Жизнь с гением. Жена и дочери Льва Толстого - страница 46



А вечером говорил:

– Мне не хотелось, чтобы мне кричали: «Здравствуйте, Лев Николаевич!» – и я объехал дачи лесом. Какая хорошая тропинка!


Л. Н. Толстой. Дневник.

Жив, но плох телом. Душой бодрюсь. Милый Миша Сухотин уехал, и Таня. Потом и Соня. Она спала, но все угрожающа. Ходил гулять. Хорошо молился. Понял свой грех относительно Льва: не оскорбляться, а надо любить. Какая нелепость: равнять и чтоб одно могло перевешивать другое: оскорбление и любовь – не любовь к Ивану, к Петру, а любовь как жизнь в Боге, с Богом, Богом. Хочу поговорить с ним. Американец – пишет, сочиняет, и, кажется, пустое. Вернувшись с прогулки, наткнулся на него, потом учитель из Вятки с женою. Тоже пишет. Но очень милый. Поговорил с ним. Окончил последнюю корректуру. Хотел взяться за «О безумии», но не был в силах. Сейчас надо записать из книжки:

1) Мы живем безумной жизнью, знаем в глубине души, что живем безумно, но продолжаем по привычке, по инерции жить ею, или не хотим, или не можем, или то и другое, изменить ее.

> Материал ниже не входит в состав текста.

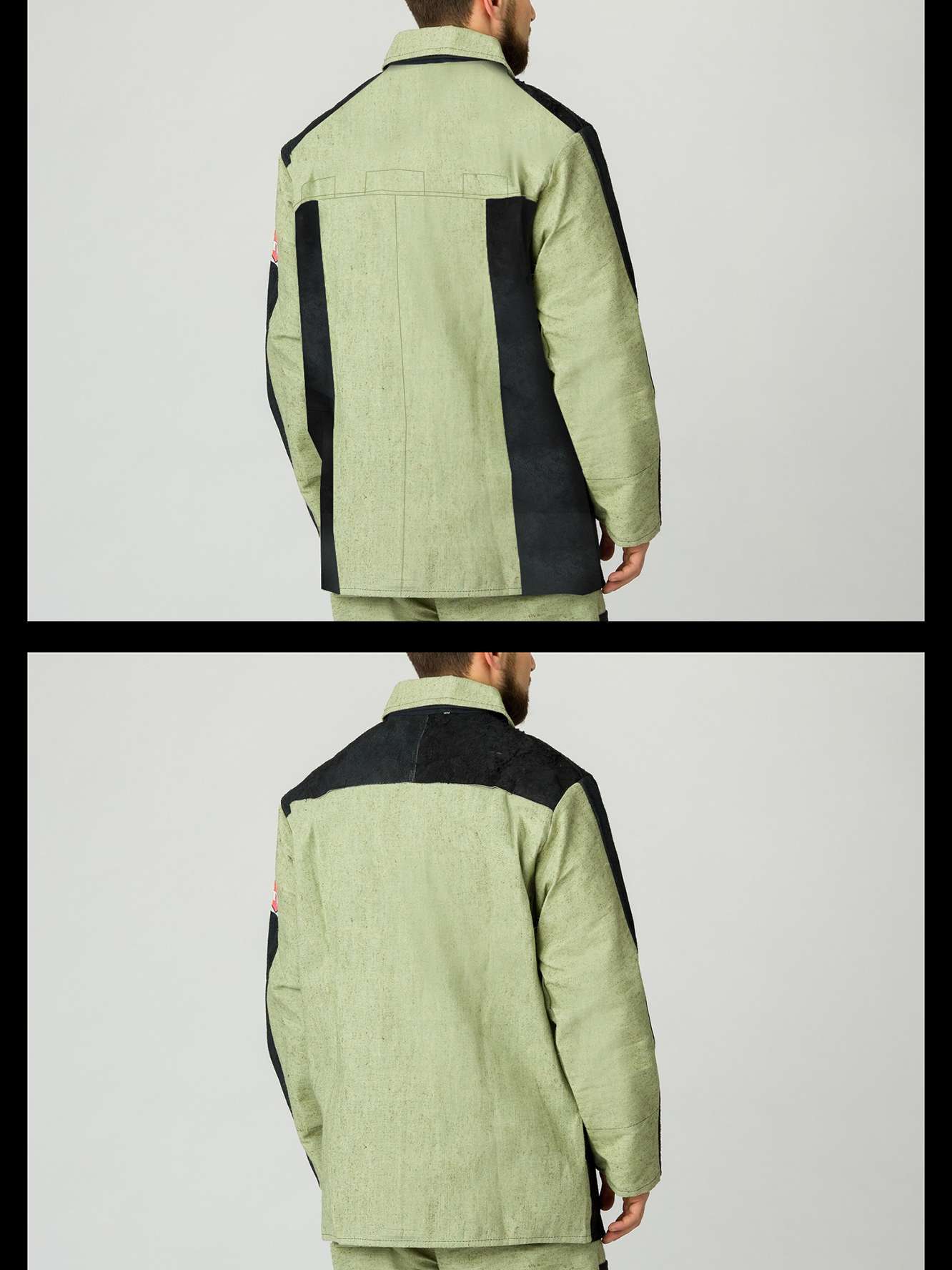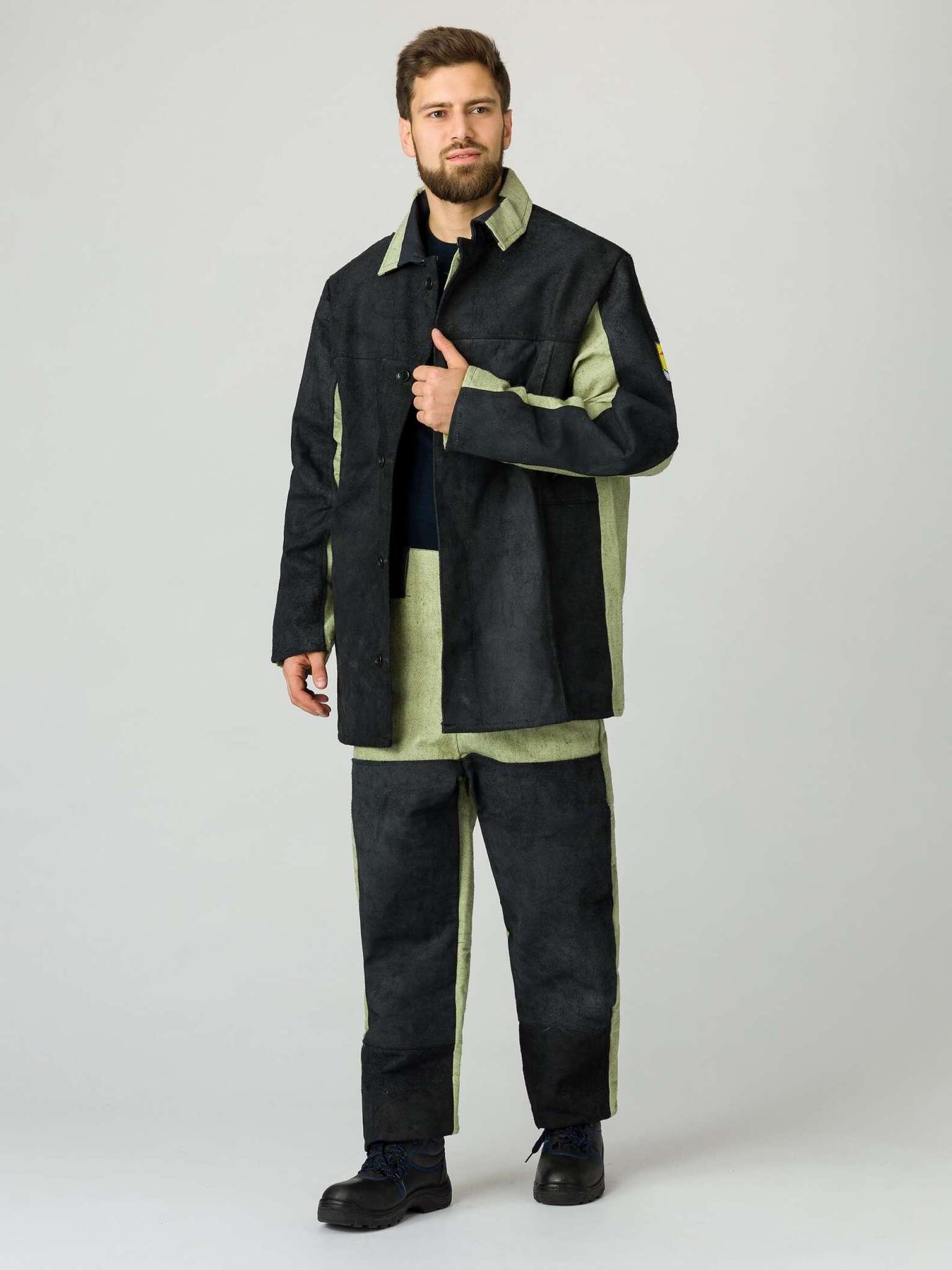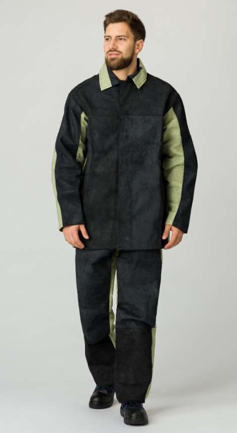 - Куртка: Центральная потайная застёжка на пуговицы обеспечивает надежную защиту от внешних факторов. Полочки, задняя кокетка и передняя часть рукавов дополнены спилковыми накладками, что увеличивает прочность. Вентилируемые отверстия под рукавами и на спинке способствуют комфортному микроклимату, а брезентовая основа под спилковыми накладками гарантирует долговечность.

2) …Нынче 13 июля, во-первых, освободился от чувства оскорбления и недоброжелательства к Льву и, второе, главное, от жалости к себе. Мне надо только благодарить Бога за мягкость наказания, которое я несу за все грехи моей молодости и главный грех – половой нечистоты при брачном соединении с чистой девушкой. Поделом тебе, пакостный развратник. Можно только быть благодарным за мягкость наказания. И как много легче нести наказание, когда знаешь за что. Не чувствуешь тяготы. Ездил с Булгаковым верхом далеко. Устал. Сон, обед. Гольденвейзер, Чертков. Тяжелое настроение. С. А. недурна. Гольденвейзер прекрасно играл. Гроза.

17 июля

Утром уехала дочь Таня. Гроза прошла. Легла поздно и проспала до двенадцати часов; встала совсем разбитая, и первая мысль – о дневниках Льва Николаевича. Вчера ночью я прочла мое письмо к Черткову Тане вслух, приложенное в этой тетради, и подумала: если б Чертков любил действительно Льва Ник – а, он на мою просьбу отдать дневники, видя мое безумное волнение, не допустил бы, чтоб мы все были так несчастливы, как это последнее время, – а с чуткостью доброго и порядочного человека (чего в нем совсем нет) привез бы их, отдал бы по праву – не мне, а Льву Николаевичу и брал бы для работ своих по одной тетради, возвращая ее опять-таки Льву Николаевичу. Нет, ему овладеть драгоценными тетрадями было дороже, конечно, спокойствия Л. Н., и только его решительное требование заставило эту тупицу отдать дневники.

Что же теперь лучше, как есть? Теперь горе всей семье в продолжение двух недель – дневники никому не доступны, – и Лев Ник. предлагает мне, если я хочу, – никогда ему не видать Черткова. Чертков вступил со мной в открытую борьбу. Пока победила я, но прямо и правдиво говорю: я выкупила дневники ценою жизни и впредь будет то же. А Черткова за это возненавидела. Лев Ник – ч был встревожен сегодня тем, что вчера ночью Чертков, Гольденвейзер и Булгаков в эту страшную грозу и ливень вывалились из тележки, сломали ее, отпрягли лошадь и пошли домой пешком. Видя его тревогу, я пересилила себя и сказала: «Ты, верно, поедешь верхом к Черткову?» Лев Ник. мне на это ответил: «Если тебе это неприятно, я не поеду». Хотя трудно было, но я ни за что не хочу огорчать моего дорогого старичка и уговорила его ехать к Черткову; он и поехал один, и, разумеется, коллекционеру Черткову нужны только фотографии и рукописи, и он тотчас же снял Льва H – а цветной фотографией. Когда Л. Н. мне сказал, что он и вечером приедет, то я запротестовала опять всем моим существом, но смирилась. Лев же Ник. сам просил Варвару Михайловну доехать до Черткова и отказать ему приезд вечером. Вечером я гуляла спокойно с приехавшими Лизой Оболенской и Верочкой Толстой; Лев Ник. играл в шахматы с Гольденвейзером, потом прошелся, пил чай и рано ушел. Позировала много для моего бюста, и Лева лепил усердно, и дело подвигается.